Deep learning predicts CRISPR off-target effects
Off-target effects remain a significant challenge in CRISPR-CAS9 therapeutics, as the system can tolerate sequence mismatches and structural variations at unintended genomic sites. While CRISPR-CAS9 offers remarkable potential for treating monogenic diseases through single-intervention therapies, existing computational methods for predicting these unwanted effects are typically restricted to specifically designed single-guide RNAs and show limited performance when applied to novel sequences.
The researchers developed CCLMoff by incorporating a pre-trained RNA language model from RNAcentral, enabling the framework to capture complex sequence relationships between guide RNAs and their potential target sites. Training on a comprehensive, updated dataset allowed CCLMoff to demonstrate superior generalization capabilities across multiple next-generation sequencing-based detection datasets.

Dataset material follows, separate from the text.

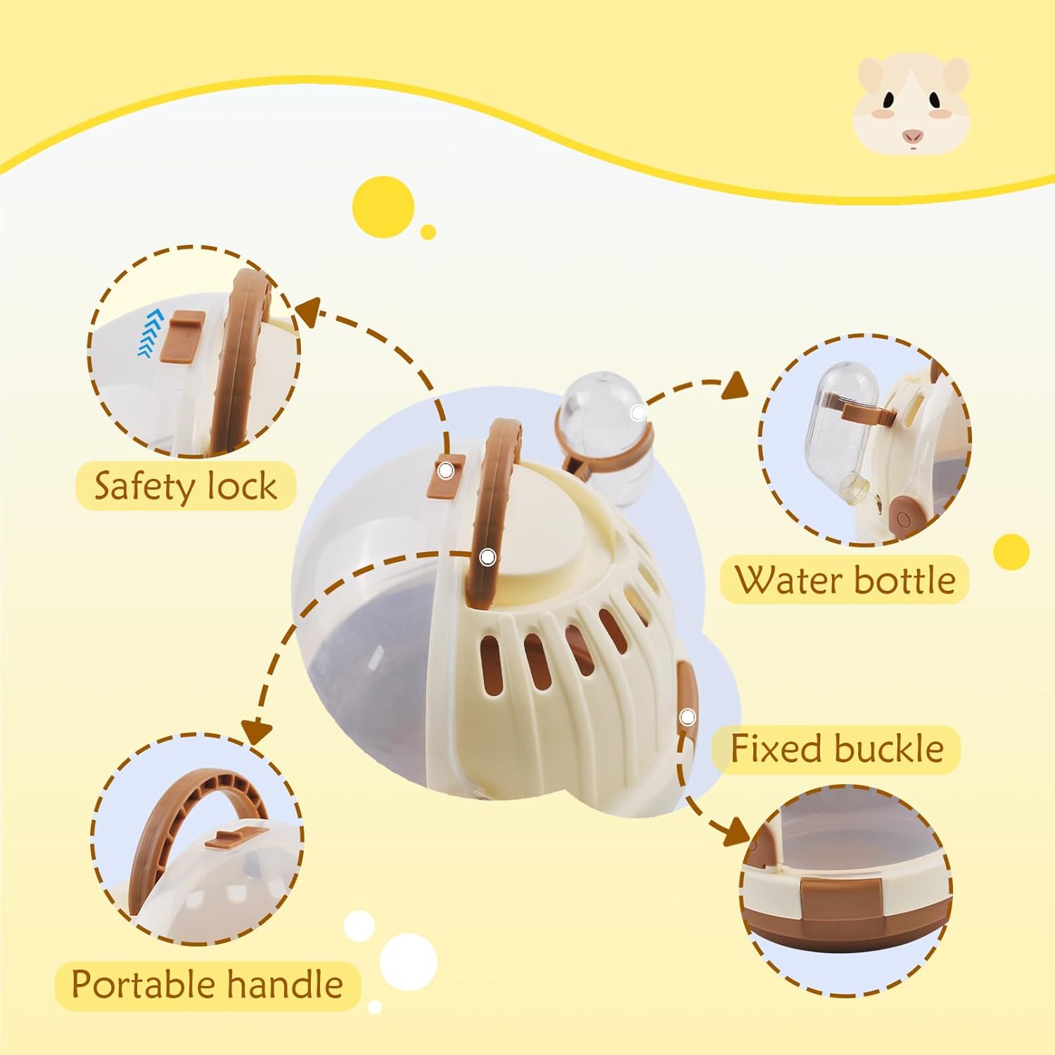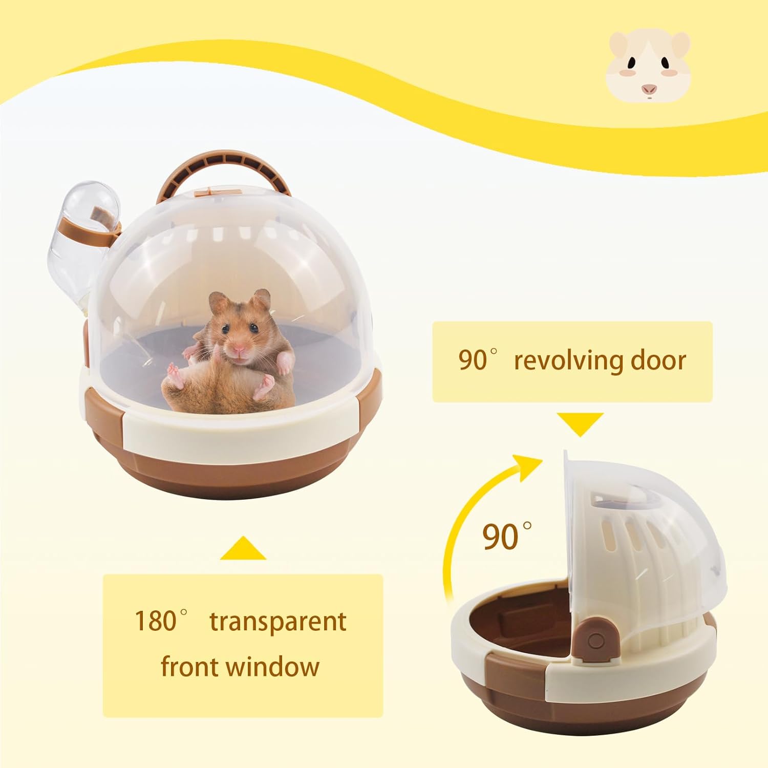 Hamster Carrier Cage Portable Cages Small Animals Carry Travel Case with Water Bottle Plastic Breathable Guinea Pig Outgoing Cage for Dwarf Hamster Ferret Chinchillas Hedgehog (Brown)

The model's interpretability features confirmed the biological significance of the seed region in guide RNA targeting, validating an established understanding of CRISPR-CAS9 mechanics whilst providing enhanced analytical capabilities.
This advancement represents progress towards developing comprehensive, end-to-end guide RNA design platforms that could improve both precision and efficiency in CRISPR-CAS9 therapeutic applications.
The study was led by Dongsheng Tang at Foshan University, China, and it was published on 6 July in Communications Biology.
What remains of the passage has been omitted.